Magic Bullets in Cancer Therapy

Posted by M ws On Sunday, October 21, 2012 0 comments
Recently, Eureka featured an article written by Chuck Harrison who has over 30 years of cancer drug discovery and development experience in preclinical and translational settings. The article Magic Bullets: The Next Evolution in Targeted Cancer Therapy  The article discussed how new ‘armed antibodies’ represent proverbial magic bullets–envisioned by a Nobel Laureate 100 years ago can kill tumors with greater efficacy and fewer side effects.

Excerpt from the article:

In the early 1900s, German Nobel Laureate Paul Ehrlich imagined an ideal therapy for disease, a drug precisely targeted to an invader, which if linked to a toxic chemical would act like a missile, carrying a destructive payload directly to the disease. Ehrlich said the drug would be a ‘Magische Kugel,’ which in English means ‘Magic Bullet.’ Such a therapy, he theorized, would be ideal for countless diseases, including cancer. Science had the payload. What it didn’t have was the missile.

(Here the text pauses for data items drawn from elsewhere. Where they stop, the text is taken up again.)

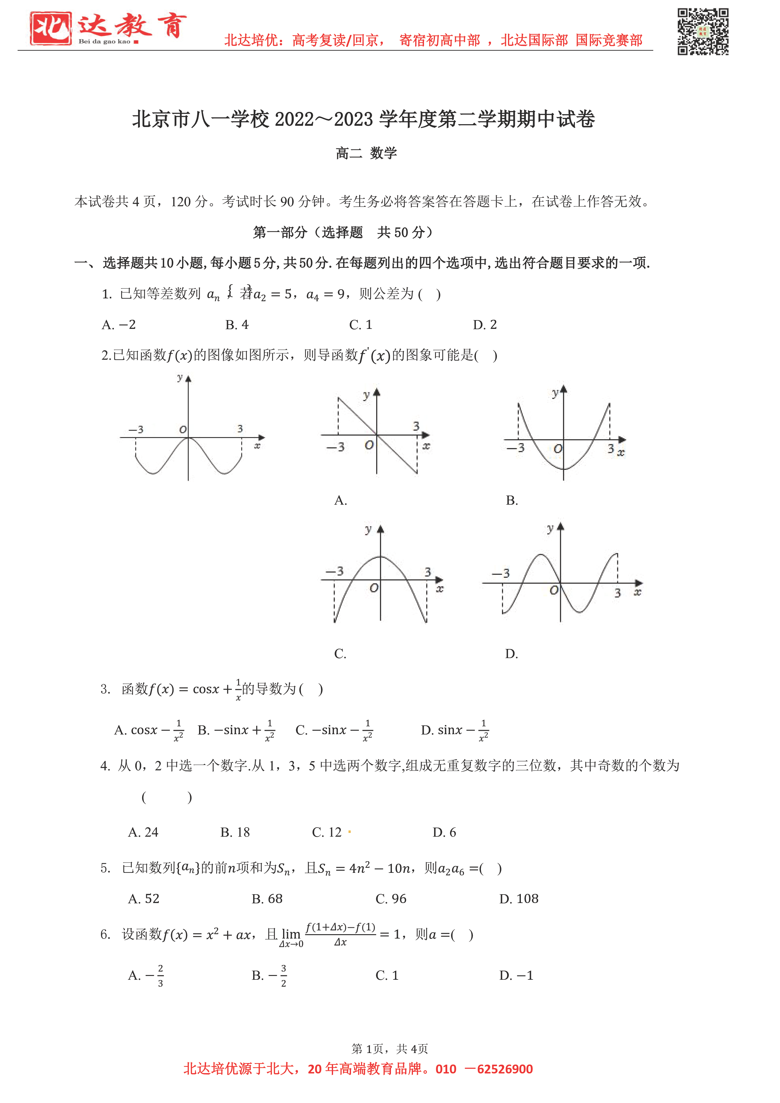 2022-2023学年北京各区高二年级下学期期中考试已开始,admw360高考复读学校整理了2022-2023学年北京八一学校高二(下)期中数学试题及答案,供同学们在线下载!
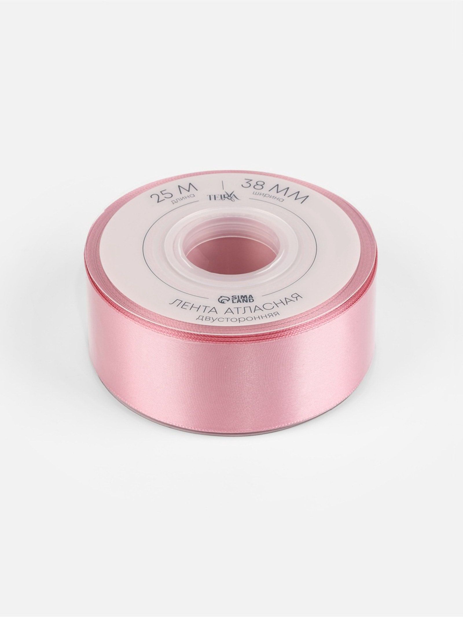 Лента атласная двухсторонняя, 38 мм, 25+-1 м, розовая №158, 10x10x3.8 см., TEIRA, Китай
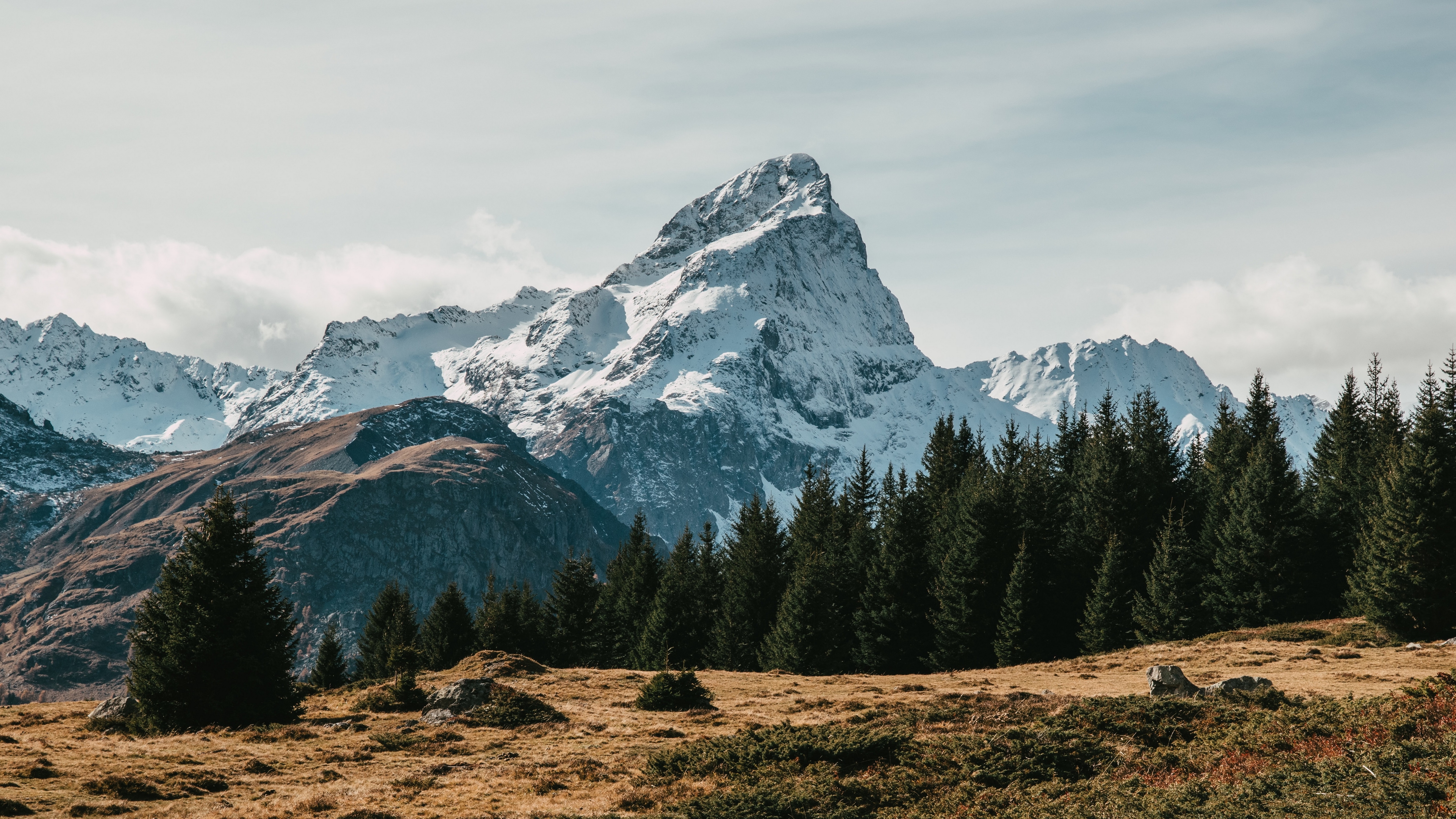 Description: A mountain range with a few trees in the foreground and a few clouds in the background with a few clouds in the sky.

Whether the idea came in a dream, whether it arrived as a classical “aha” moment in a dusty lab, or at a patient’s bedside while scribbling notes, the search for Ehrlich’s Magic Bullet took a huge leap when someone asked, “Why not antibodies?”

Antibodies are proteins made by the immune system. In the body, they bind with high specificity to antigens, receptors on the surface of foreign invaders, such as viruses and bacteria. Fitting like a lock in a key, such binding enables immune cells to “see” and attack invaders. And because Nature has innumerable invaders, the human body has many antibodies–10 million to be exact.

Scientists had their missile.

In 1975, Georges Kohler and Cesar Milstein created the first laboratory-produced antibodies, called monoclonal antibodies (mAbs). A year later, on Thanksgiving Day, a doctor named Ron Levy ran a groundbreaking experiment, inspiring him to run through the halls of his lab with joy. He’d created monoclonal antibodies that specifically recognized cancer cells.

In 1979, immunologist and cancer researcher Lee Nadler teamed up with Phil Stashenko, another immunologist, and created a monoclonal antibody targeted to antigens on non-Hodgkin’s lymphoma cells. Their drug failed. When given to a man with advanced lymphoma, the mAb bound to few tumor cells. And the patient’s immune system rejected the drug, due to the fact it was created from mouse cells.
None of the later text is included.